Old Concepts, New Application - Additive-Free Hydrogenation of Nitriles Catalyzed by an Air Stable Alkyl Mn(I) Complex.

An efficient additive-free manganese-catalyzed hydrogenation of nitriles to primary amines with molecular hydrogen is described. The pre-catalyst, a well-defined bench-stable alkyl bisphosphine Mn(I) complex fac-[Mn(dpre)(CO)3(CH3)] (dpre=1,2-bis(di-n-propylphosphino)ethane), undergoes CO migratory insertion into the manganese-alkyl bond to form acyl complexes which upon hydrogenolysis yields the active coordinatively unsaturated Mn(I) hydride catalyst [Mn(dpre)(CO)2(H)]. A range of aromatic and aliphatic nitriles were efficiently and selectively converted into primary amines in good to excellent yields. The hydrogenation of nitriles proceeds at 100 °C with a catalyst loading of 2 mol % and a hydrogen pressure of 50 bar. Mechanistic insights are provided by means of DFT calculations.

Introduction

Amines constitute an important class of organic compounds which are used as versatile building blocks for the bulk and fine chemical industries.1 A very attractive, atom‐economic, and sustainable route to obtain selectively primary amines is the hydrogenation of nitriles with molecular hydrogen utilizing well‐defined catalysts based on Earth abundant non‐precious metals.2, 3, 4 In particular base metals such as iron and manganese are promising candidates as these belong to the most abundant metals in the Earth crust, are inexpensive, and exhibit a low environmental impact. While iron, cobalt, and nickel catalysts for the hydrogenation of polar multiple bonds such as carbonyl compounds, imines, and nitriles had been subject of intense investigation over the past decade,5, 6, 7, 8, 9, 10, 11 low valent Mn(I) catalysts just appeared in 2016 as new but very powerful players in this fast growing area.6, 7, 8, 9, 10, 11 As hydrogenation of nitriles is concerned, several well‐defined catalysts based on iron,12 cobalt13 and lately also manganese (Scheme 1)14 have been described.15 It is interesting to note that most of these reactions require additives (strong base) in order to activate the pre‐catalysts.

Scheme 1

Manganese Catalysts for the Hydrogenation of Nitriles.

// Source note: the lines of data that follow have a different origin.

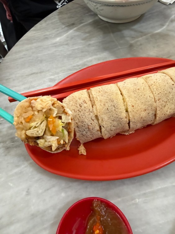 Following Bourdain’s lead, I also ordered a plate of popiah from another stall in the kopitam. Malaysian popiah are fresh spring rolls wrapped in a delicate wheat skin and filled with vegetables, egg, and sweet-savory sauce. It arrived neatly cut into pieces, soft rather than crispy. Its light freshness balanced the deeper, curry-rich flavors of the laksa.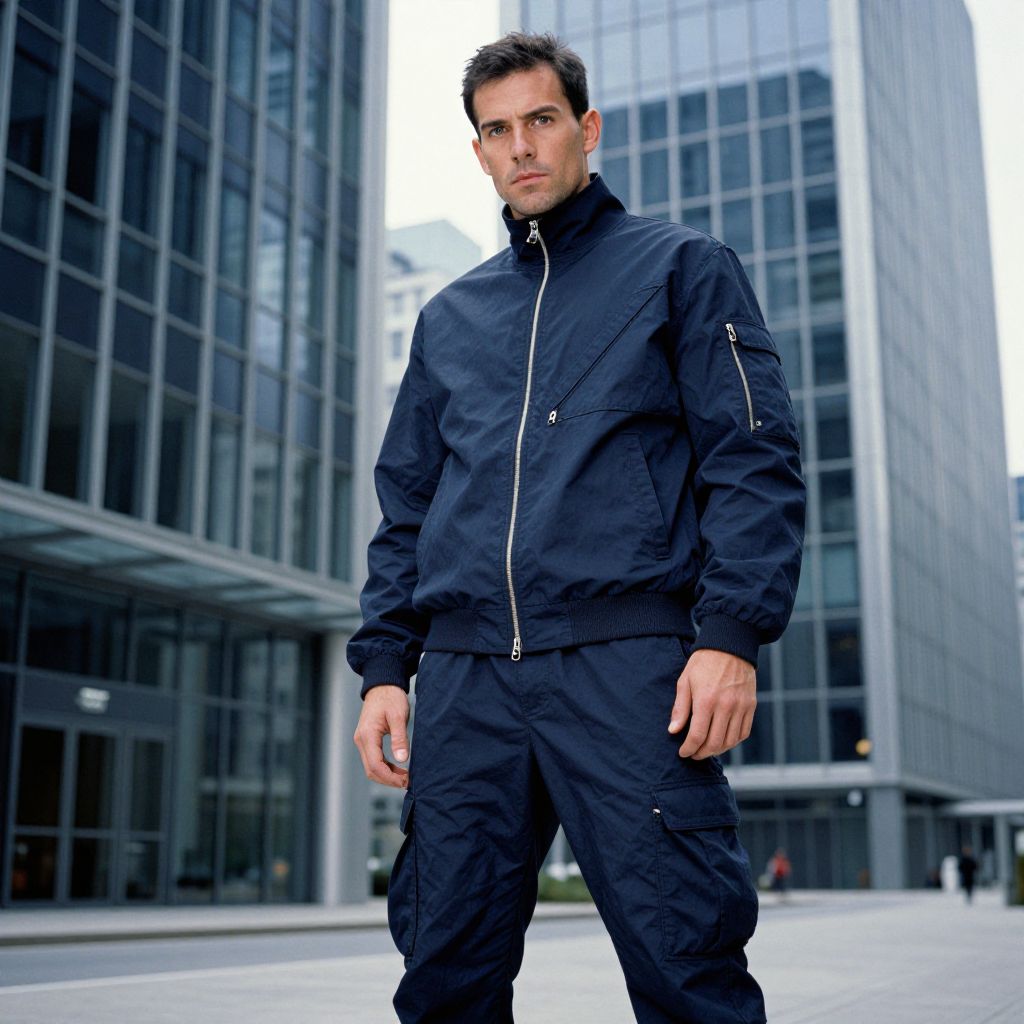 A man, asymmetrical zip-up jacket, cargo joggers, deep navy blue, urban stealth aesthetic, modern glass buildings, Cibachrome style, confident expression, poised stance.Man has masculine face and piercing eyes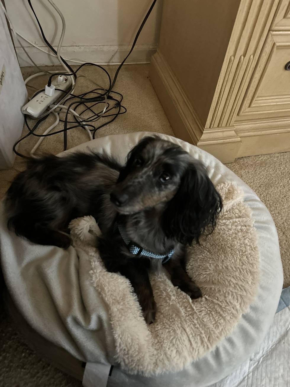 Wolfgang Amadeus G-Wagon Pilcher recently joined the family after being rescued. He is an incredibly sweet Blue Merle Longhair. He loves walks; peanut butter, toys, and chasing rabbits! He is such a loving; chill boy!

In this article, we report on the synthesis and application of a bench‐stable and well‐defined alkyl bisphoshine Mn(I) complex as efficient pre‐catalyst for the selective hydrogenation of nitriles to give primary amines. It has to be noted that this is the first example of a manganese‐catalyzed hydrogenation of nitriles without the need of an additive (base) utilizing a well‐defined Mn(I) complex. The activation of the pre‐catalyst takes advantage of the fact that (i) CO ligands of Mn(I) alkyl carbonyl complexes are able to undergo migratory insertions to form acyl complexes in the presence of strong field ligands such as CO or tertiary phosphines – a well‐known textbook reaction.16 and that (ii) heterolytic cleavage of molecular hydrogen by acyl complexes affords aldehydes and coordinatively unsaturated metal hydride intermediates – a key step in both stoichiometric and catalytic hydroformylations of alkenes.17 Thus, the catalytic hydrogenation of nitriles is initiated by migratory insertion of a CO ligand into the Mn‐alkyl bond to yield acyl intermediates which undergo rapid hydrogenolysis to form the active 16e− Mn(I) hydride catalysts as shown in Scheme 2.

Scheme 2

Formation of an Unsaturated Mn(I) Hydride Species via Alkyl Migration and Hydrogenolysis of an Acyl Intermediate.

Results and Discussion

In addition to the known Mn(I) complexes [Mn(CO)5(CH3)] (1),18, 19 fac‐[Mn(bipy)(CO)3(CH3)] (2),20 the new Mn(I) complexes fac‐[Mn(dpre)(CO)3(H)] (dpre=1,2‐bis(di‐n‐propyl‐phosphino)ethane) (4) and fac‐[Mn(dpre)(CO)3(CH3)] (5)21 were synthesized, characterized, and applied. The hydride complex fac‐[Mn(dpre)(CO)3(H)] (4) was obtained by reacting a suspension of [Mn2(CO)10] and 1,2‐bis(dipropylphosphino)ethane in anhydrous n‐pentanol at 140 °C for 5 h in low yield (14%). The neutral methyl Mn(I) complex 5 was obtained by reacting fac‐[Mn(dpre)(CO)3(Br)] (3) with NaK and subsequently with CH3I in 64% isolated yield (Scheme 3). The resulting off‐white complex was fully characterized by 1H, 13C{1H} and 31P{1H} NMR and IR spectroscopy, and high‐resolution mass spectrometry. The IR spectrum contains strong CO stretching vibrations at 1974, 1888 and 1835 cm−1 which clearly indicate the coordination of three CO ligands to the metal center in a facial arrangement. In the 1H and 13C{1H} NMR spectra the methyl group gives rise to triplet resonances at −0.70 (J=9.0 Hz) and −16.8 ppm (J=18.2 Hz), respectively.

Scheme 3

Synthesis of fac‐[Mn(dpre)(CO)3(CH3)] (5).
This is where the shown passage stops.